1163 sayılı Kanunun 17 nci maddesi, Kooperatif Ana Sözleşmesinin 18 nci maddesi, 6100 sayılı Hukuk Muhakemeleri Kanununun 369 ncu maddesinin birinci fıkrası ile 370 ve 371 nci maddeleri.

3. Değerlendirme

1. Davacı tarafın davalı kooperatife üye olduğu, davacı tarafın 20.06.2014 tarihli kooperatif ortaklığından çıkma talebinin 23.06.2014 tarihli kooperatif yönetim kurulu kararı ile kabul edildiği ortaklığı sona erenlerin durumuna ilişkin 22.11.2014 tarihli genel kurulda karar alındığı dosya kapsamında sabittir.

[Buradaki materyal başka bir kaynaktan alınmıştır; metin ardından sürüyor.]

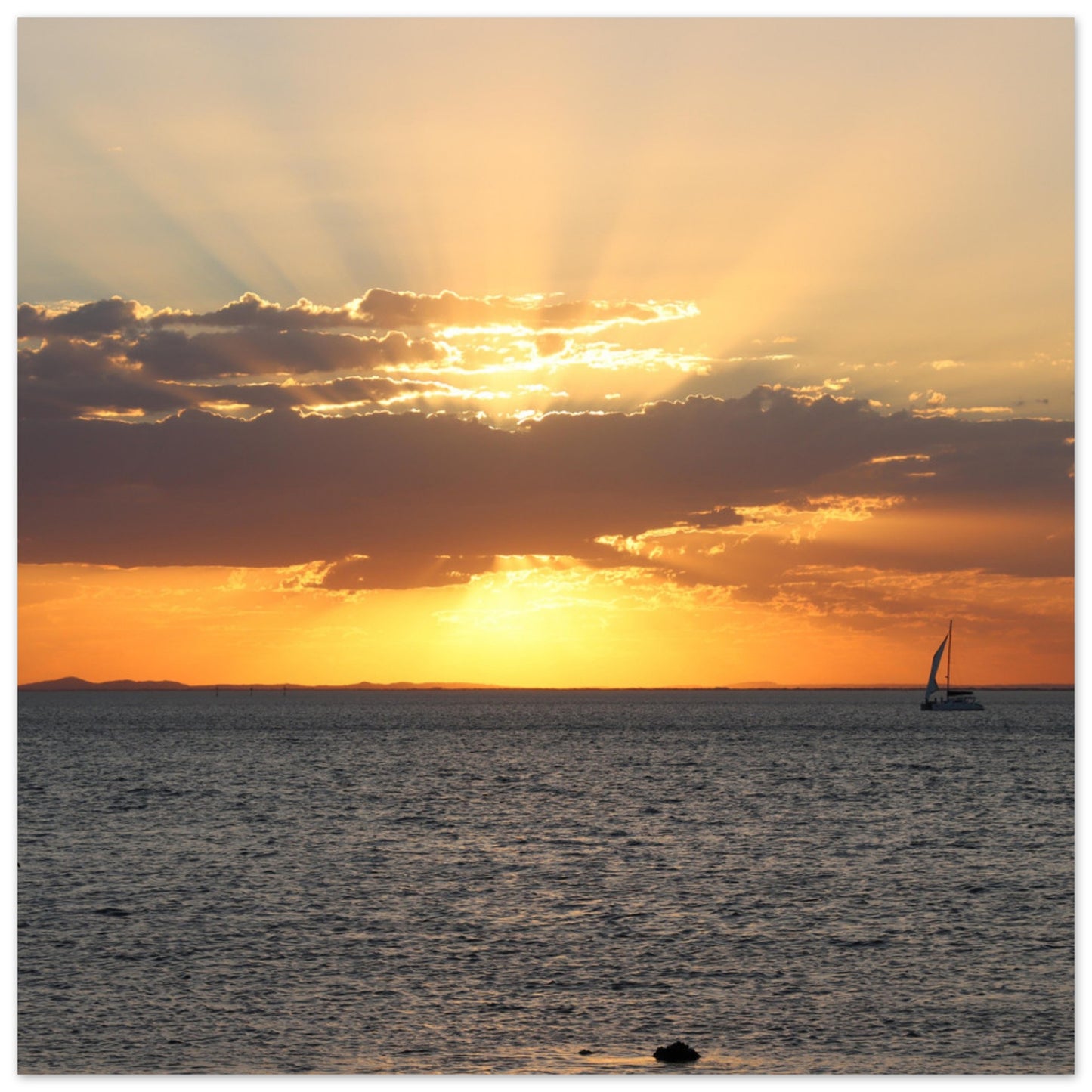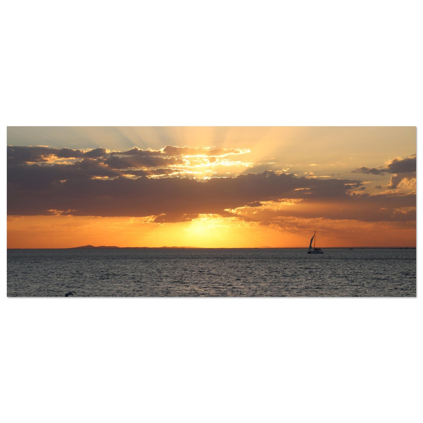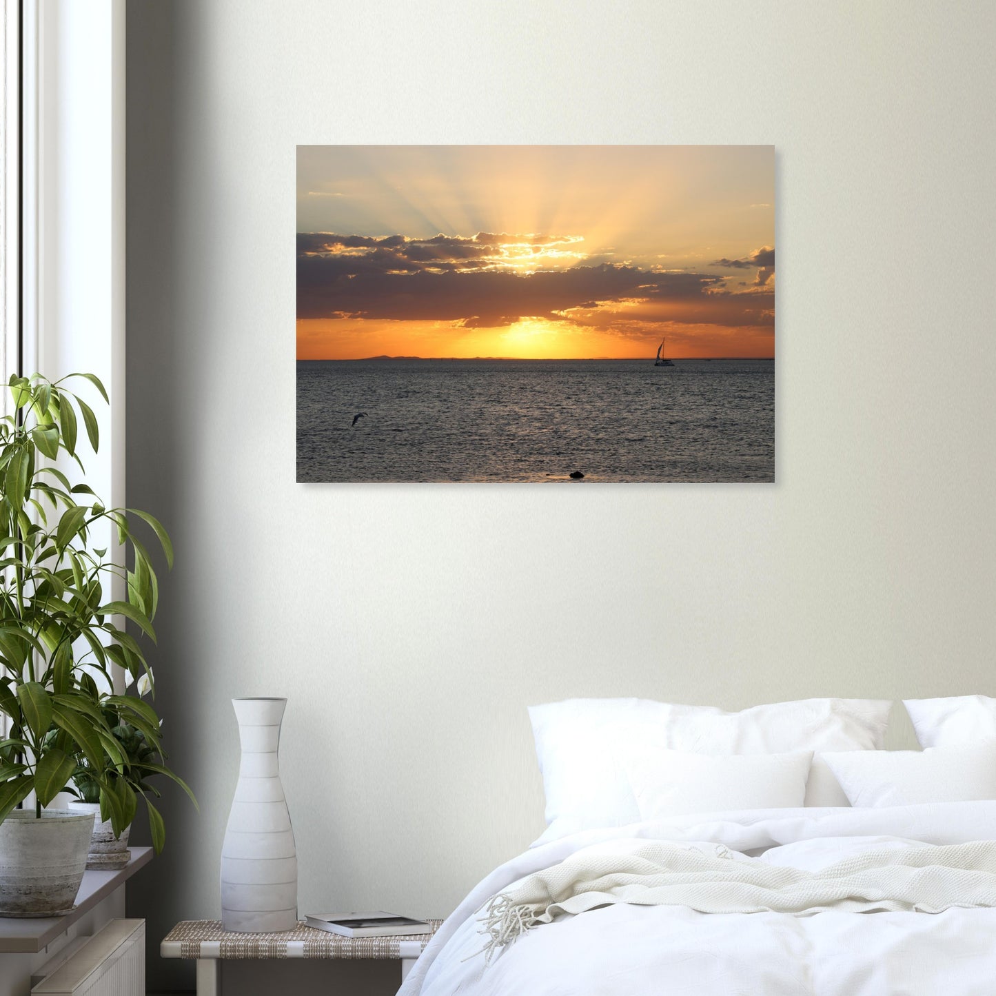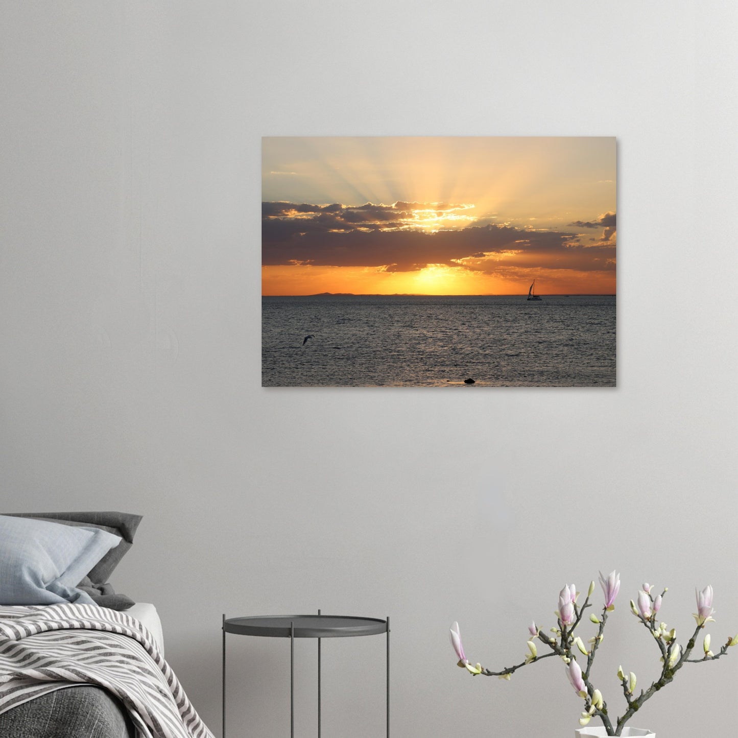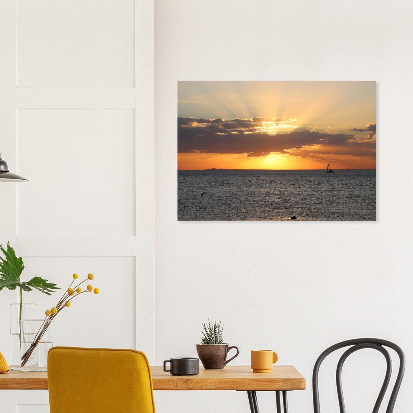 Boat sailing into the sunset - Premium Matte Paper Poster

2. Somut olayda, davalı kooperatifin 22.11.2014 tarihli genel kurulda 10. gündem maddesi ile "ana sözleşmenin 18 nci maddesinin 6. ve 7. fıkrasındaki ortaklığı sona erenlere yapılacak sermaye ödemelerinin kooperatifin mevcudiyetini tehlikeye düşürecek durumlarda 5 yılı aşmamak üzere ertelenmesine" şeklinde alınan kararın açık bir erteleme kararı olmadığı anlaşılmakla erken açılan davadan söz etmek mümkün değildir. Bu durumda işin esasına girilerek sonuca göre bir karar verilmesi gerekirken Bölge Adliye Mahkemesince yazılı şekilde karar verilmesi doğru görülmemiş, hükmün bu nedenle bozulması gerekmiştir.

VI. KARAR

Açıklanan sebeplerle;

Temyiz olunan Bölge Adliye Mahkemesi kararının BOZULMASINA,

Peşin alınan temyiz karar harcının istek hâlinde ilgiliye iadesine,

Dosyanın kararı veren Bölge Adliye Mahkemesine gönderilmesine,

29.11.2023 tarihinde oy birliğiyle karar verildi.